Which islands do you typically travel to and how is the weather there?  We were just in Oahu and the weather was fantastic, just 1 afternoon with very brief rain on Waikiki.

Thanks very much!

Greg


----------



## JeffW (Nov 12, 2011)

On our two week trips, Maui is one island we always go to.  We've varied the other islands, staying on Oahu, Kauai, and the Big Island.  We like Kauai the best.  We stayed at Kappa the first time, Princeville the last.  Looking into Popiu for the next stay.

I never remember weather being an issue.  We've had some precipitation, but never the "it's raining buckets" that another poster mentioned.  Obviously there's a difference between the normal passing rainshower, and a storm front that can bring inches of rain.  But one of the advantages of weekly timeshare stays is that being there that long, you can usually ride out a couple of days of bad weather.  If it was a weekend getaway, you may not see good weather until you get back home.

Jeff


----------



## slip (Nov 12, 2011)

We've been to the Big Island and Oahu in mid to late October and I thought the
weather was perfect. Also,like JeffW says, I'm from Wisconsin and the weather
here starts to turn then, unlike September. Weather on vacations is never guaranteed 
but longer stays will increase your odds and in Hawaii the odds are
on your side.


----------



## GregT (Nov 12, 2011)

We've had great luck with Big Island in November and Oahu in October (and Maui always!) which is why I keep debating Princeville (the rainy side) in October (early rainy season).   

But I do want to visit WPORV one year via StarOptions or bulk deposit trade, and October is when my lovely wife and I sneak away for a Hawaii trip just the two of us!   And the Starwood board glows about WPORV...

What a nice problem to have....debating the weather quality of the different Hawaiian islands!

Best to all,

Greg


----------



## JeffW (Nov 12, 2011)

Our last trip to Kauai, we stayed at the Westin Princeville.  One of the best resorts we've been too.  

Jeff


----------



## topdog (Jan 20, 2012)

*Trade winds, Kona winds and Iron Man*

We were in Hawaii for our honeymoon 22 years ago and would like to go back in 2013.  I remember hearing that May and September were the trickiest months for losing the trade winds.  We are thinking about 1 week at Waikoloa and 1 week in Maui.  I've been thinking about maybe February or early March, maybe Late August through October.  After reading this thread, I guess I need to consider the tri-athalon also.  

It looks like its Oct 12 in 2013.  Do the athletes show up about a week ahead?

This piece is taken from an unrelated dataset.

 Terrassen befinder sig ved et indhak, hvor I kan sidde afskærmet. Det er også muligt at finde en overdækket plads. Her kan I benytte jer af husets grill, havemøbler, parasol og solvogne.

Any thought on chances of losing the trade winds and when?


----------



## DeniseM (Jan 20, 2012)

Feb. and March are high demand months - snow birds escaping the cold.  September and October are your best bet.  The triathalon really doesn't impact the other islands.


----------



## lmkucala (Jan 20, 2012)

We've been looking for something on either Maui or Big Island the 1st week of April in 2013.  So far no luck!  Does the Feb/March crowd typically extend into the 1st week of April?  or does it start slowing down by then?


----------



## DeniseM (Jan 20, 2012)

lmkucala said:


> We've been looking for something on either Maui or Big Island the 1st week of April in 2013.  So far no luck!  Does the Feb/March crowd typically extend into the 1st week of April?  or does it start slowing down by then?

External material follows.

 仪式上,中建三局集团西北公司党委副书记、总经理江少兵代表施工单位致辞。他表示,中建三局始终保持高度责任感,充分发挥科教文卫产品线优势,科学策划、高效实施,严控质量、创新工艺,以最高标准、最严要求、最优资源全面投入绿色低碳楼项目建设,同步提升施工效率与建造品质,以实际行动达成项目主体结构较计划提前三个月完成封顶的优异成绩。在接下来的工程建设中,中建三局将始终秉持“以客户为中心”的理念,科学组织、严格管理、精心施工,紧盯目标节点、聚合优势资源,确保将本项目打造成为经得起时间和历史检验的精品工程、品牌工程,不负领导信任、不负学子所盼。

Since this is more than 12 mos. out, most people can't deposit yet.  Also - it's the week after Easter - spring break for many schools.


----------



## cwn (Jan 25, 2012)

[Duplicate post deleted. - DeniseM Moderator]


----------



## jacknsara (Jan 27, 2012)

DeniseM said:


> Since this is more than 12 mos. out, most people can't deposit yet.  Also - it's the week after Easter - spring break for many schools.


Aloha,
I screen scrape and save RCI data for a few specific resorts.  Some are on the BI.  None are on Maui.  Some resorts show availability more than 16 months out.  Some resorts have had (and may still have) exchanges available for Fri, Sat & Sun April 5 - 7, 2013.  There has been (and may still be) availability for check in the last weekend of March 2013.
What system are you in?  How are you searching?  What are your search parameters?
Jack


----------



## DeniseM (Jan 27, 2012)

Jack - I'm guessing that you are actually addressing Imkucala, and not me.   



lmkucala said:


> We've been looking for something on either Maui or Big Island the 1st week of April in 2013.  So far no luck!  Does the Feb/March crowd typically extend into the 1st week of April?  or does it start slowing down by then?


----------



## lmkucala (Jan 27, 2012)

jacknsara said:


> Aloha,
> I screen scrape and save RCI data for a few specific resorts.  Some are on the BI.  None are on Maui.  Some resorts show availability more than 16 months out.  Some resorts have had (and may still have) exchanges available for Fri, Sat & Sun April 5 - 7, 2013.  There has been (and may still be) availability for check in the last weekend of March 2013.
> What system are you in?  How are you searching?  What are your search parameters?
> Jack



Yes - it was lmkucala that was looking 

I'm searching in RCI points.  I've got 2 saved searches setup that I run regularly - one for anywhere on Maui and one for anywhere on Big Island, with check-in days between 3/29/13 and 3/31/13.  

Occassionally there is a studio that pops up on Maui but that we really need a 1BR (I think it is called Kahana Falls) and also gets some pretty poor reviews.  Paniolo Greens occassionally comes up for Big Island but it is 65,000 points and I only have about 50,000 right now (I'll get my next annual allotment in a couple of months.


----------



## jacknsara (Jan 27, 2012)

lmkucala said:


> Yes - it was lmkucala that was looking
> 
> I'm searching in RCI points.  I've got 2 saved searches setup that I run regularly - one for anywhere on Maui and one for anywhere on Big Island, with check-in days between 3/29/13 and 3/31/13.
> 
> Occassionally there is a studio that pops up on Maui but that we really need a 1BR (I think it is called Kahana Falls) and also gets some pretty poor reviews.  Paniolo Greens occassionally comes up for Big Island but it is 65,000 points and I only have about 50,000 right now (I'll get my next annual allotment in a couple of months.


Aloha,
My data is in the RCI Weeks system.  By being in RCI Points, you are seeing a different inventory.  I'm not sure the deposit lead time in points; perhaps it is limited to one year.  It is clearly closer to 1-1/2 years for several resorts in the Weeks system.  
Good luck in your search,
Jack


----------